2. **vex's `usages` is text-flavored, not structural.** It catches matches in comments, docstrings, and even `CLAUDE.md`. That can be useful or noisy depending on intent. For "real references only," prefer `vex callers` / `vex callees` / `vex pattern`, or fall back to `ast-index symbol` which is stricter.
3. **vex's `implementations` misses generic-parameterized subclasses.** `class Foo(Base[T])` is not detected as an implementation of `Base`. Workaround: use `vex pattern 'class $NAME($BASE[$$_]):' --lang python` or a plain `vex grep`.
4. **ast-index has `changed --base <branch>` — vex does not.** This makes ast-index uniquely useful during code review for "which symbols did this branch touch?" without parsing a diff manually.
5. **vex's semantic index has a one-time setup cost.** ~5 minutes to embed ~15k symbols and ~86 MB ONNX model download on first run. Worth it for natural-language queries and `similar`/`duplicates`, but you must commit to it upfront.
6. **First-time Windows install of vex requires building from source** (no prebuilt Windows binary in the v1.5.0 release assets).
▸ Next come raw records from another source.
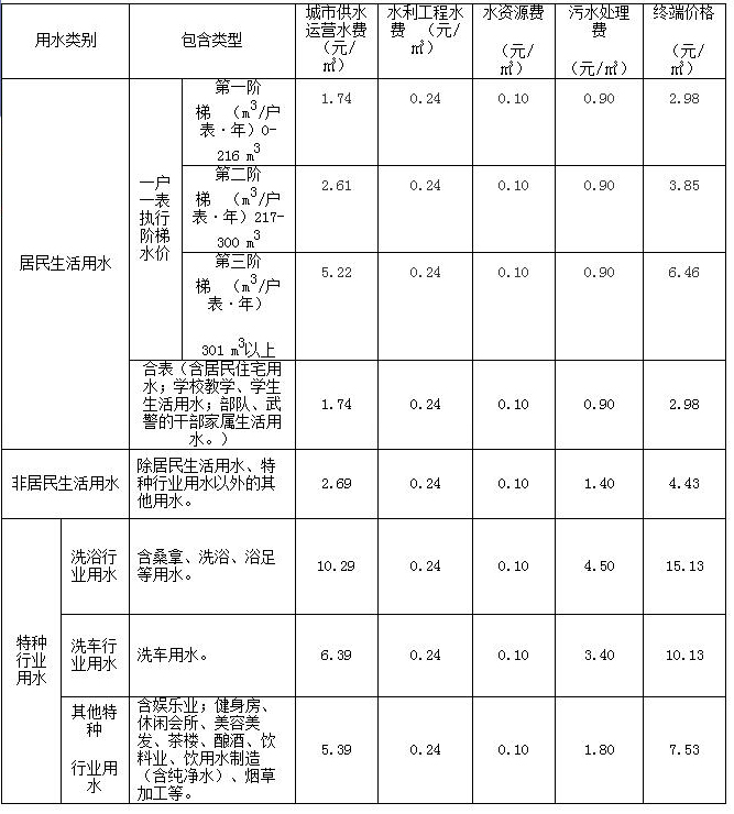 成都市污水處理費及自來水價格收費標(biāo)準(zhǔn)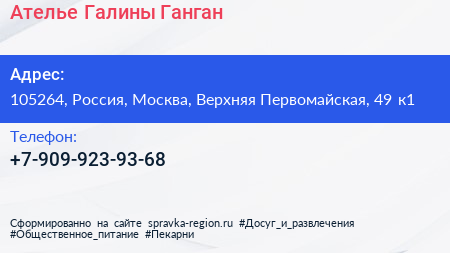 Ателье Галины Ганган по адресу 105264, Россия, Москва, Верхняя Первомайская, 49 к1 в дальнейшем Организация, размещена в следующих категориях: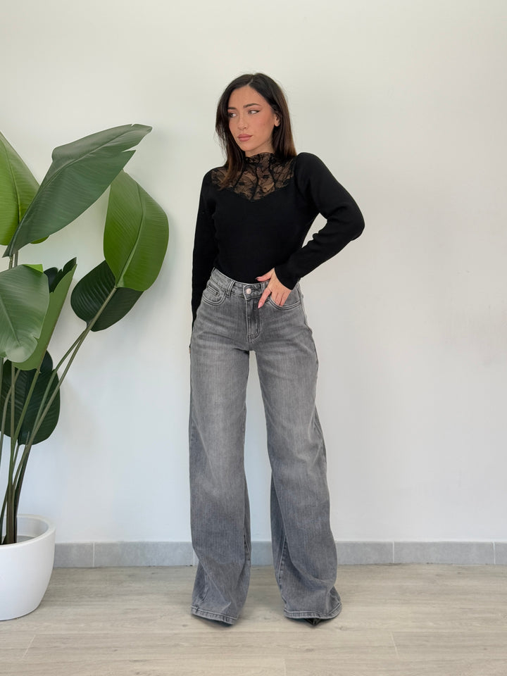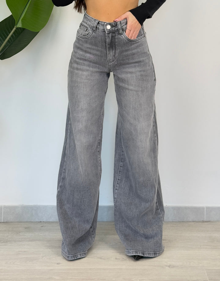 Scopri il jeans grey palazzone! Jeans realizzati in tela semi elastica,sono l’ideale per creare un look sempre alla moda! Uno stile esclusivo ed unico per una donna. Perfetto per ogni occasione, che sia per la quotidianità ,per lavoro o per qualche appuntamento ,utilizzando una décolleté per slanciarti di più.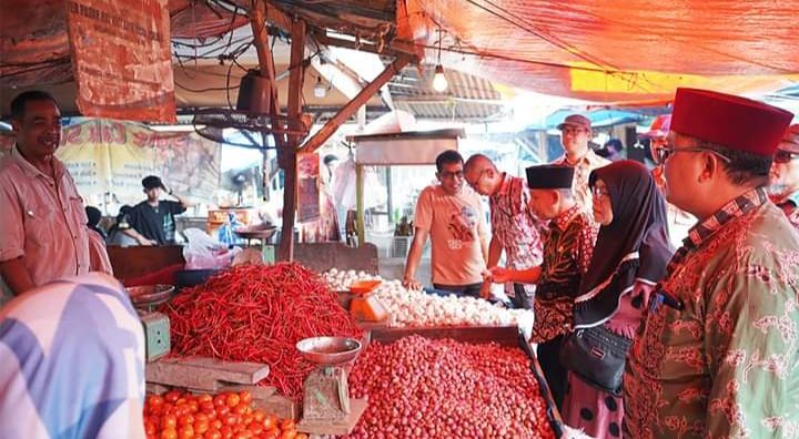 MUARABULIAN - Dalam rangka mengantisipasi Harga Bahan Pokok (Sembako) jelang Idul Adha tahun 2024, Pemerintah Kabupaten Batanghari melalui Tim Pengendalian Inflasi Daerah (TPID) melakukan sidak kewilayah Pasar Tradisional Keramat Tinggi Muarabulian, Kabupaten Batanghari, Kamis (13/6/2024).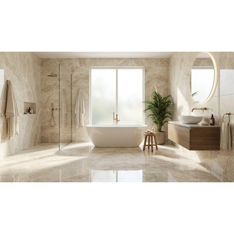 Vous souhaitez un sol confortable et chauffé de manière homogène ? Ce carreau convient au chauffage par le sol, ce qui rend votre salle de bains ou votre espace de vie non seulement esthétique, mais aussi agréablement chaleureux. Grâce aux bords rectifiés, les carreaux peuvent être posés avec des joints étroits, ce qui renforce encore davantage le caractère moderne et luxueux. La finition de couleur polie dans la gamme crème/beige apporte une brillance chic et un look pierre naturelle raffiné, sans nuire à la facilité d’utilisation. Vous créez ainsi un revêtement de sol et de mur haut de gamme qui s’intègre parfaitement dans une salle de bains contemporaine et soigneusement pensée.

See `claude-code-tools.md` § vex.
## Practical recommendation
Use **vex as primary**, **ast-index as fallback** for:
- `ast-index changed --base <branch>` during code review (no vex equivalent).
- Stricter `symbol`/`usages` when vex's textual matches are too noisy.
This matches the priority chain already in the recommended global `CLAUDE.md` snippet:
```
vex → ast-index → Grep/Glob
```
The chain is not "vex always wins" — each tool has cases where it's the right call.
## Re-running these benchmarks
If you want to validate on a different repo or newer versions:
```bash
# 1. Build both indices fresh
vex init && vex index # vex structural
vex index --semantic # vex semantic (slow, one-time)
ast-index rebuild # ast-index
# 2. Run identical queries through both
SYM="SomeClassInYourRepo"
vex search "$SYM" --format compact ; ast-index symbol "$SYM"
vex usages "$SYM" --format compact ; ast-index usages "$SYM"
vex callers "$SYM" --format compact ; ast-index callers "$SYM"
# 3. Branch-diff (ast-index only)
ast-index changed --base master
```
Record the tool versions and timestamps alongside the numbers — see this document's header for the template.